The weeks of summer flew by. To my father’s credit, his “monster mania” had resurrected tourism in the Great Glen for at least one more season, turning a potential economic disaster into a windfall. In fact, more tourists visited Loch Ness that summer than any other location in all of the United Kingdom or Europe.
But the “Hero of the Highlands” never apologized to me for his deeds or for the potential dangers associated with my upcoming deployment. And when the day finally came to say goodbye, I refused to see him.

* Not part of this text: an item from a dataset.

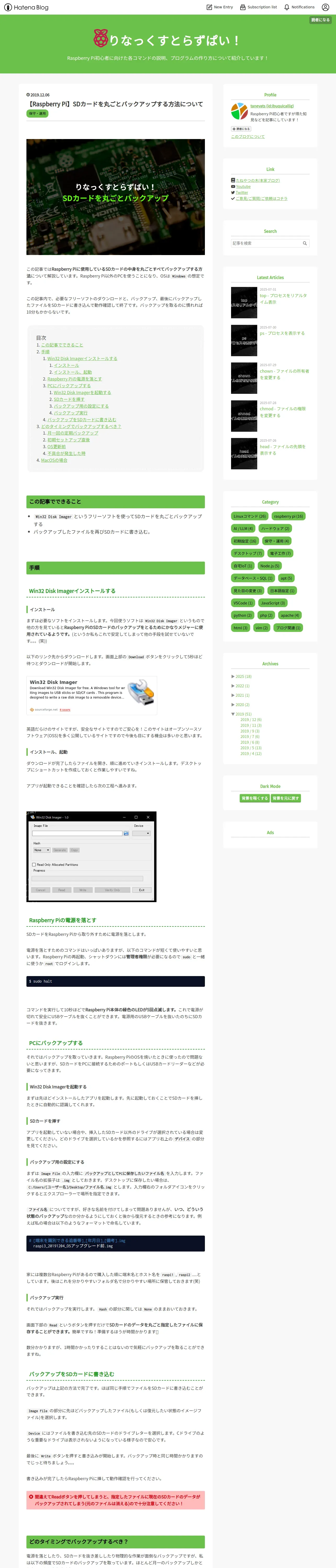 https://raspi.taneyats.com:443/entry/backup-sdcard

For the hundredth time that summer, I read my infant son his favorite book as I rocked him to sleep in his stroller by the ruins of Urquhart Castle. “In a great green room, tucked away in bed, is a little bunny. Goodnight room, goodnight moon….”
Brandy and I spent that last hour holding hands. Then the taxi arrived and it was time to go. I absorbed one last memory of those green hills, the gray cliff face, and the foam spraying off of the tea-colored waters, and asked my Maker to bring me home again to my wife and child — just not in a box.
True climbed in the back of the cab and slapped me hard on the knee. “So? How soon do ye want to get shitfaced?”
“As soon as we get on the plane.”
Our flight out of Inverness was scheduled to depart at five o’clock on a Sunday evening, beginning the first leg of our journey — a twenty-seven-hour trip that included stops in Birmingham, Paris, Santiago, Puerto Montt, and finally Punta Arenas, Chile. After spending a day recouping in the southernmost city in South America, we would board a seaplane for King George Island, where a cargo plane would be waiting to fly us across the continent to Davis Base in East Antarctica. From there we’d have another day to adjust before flying out to the new bio-dome being erected over Lake Vostok.
Lying back in my first-class seat next to my snoring friend, I closed my eyes and attempted to organize my mental notes on our frozen destination.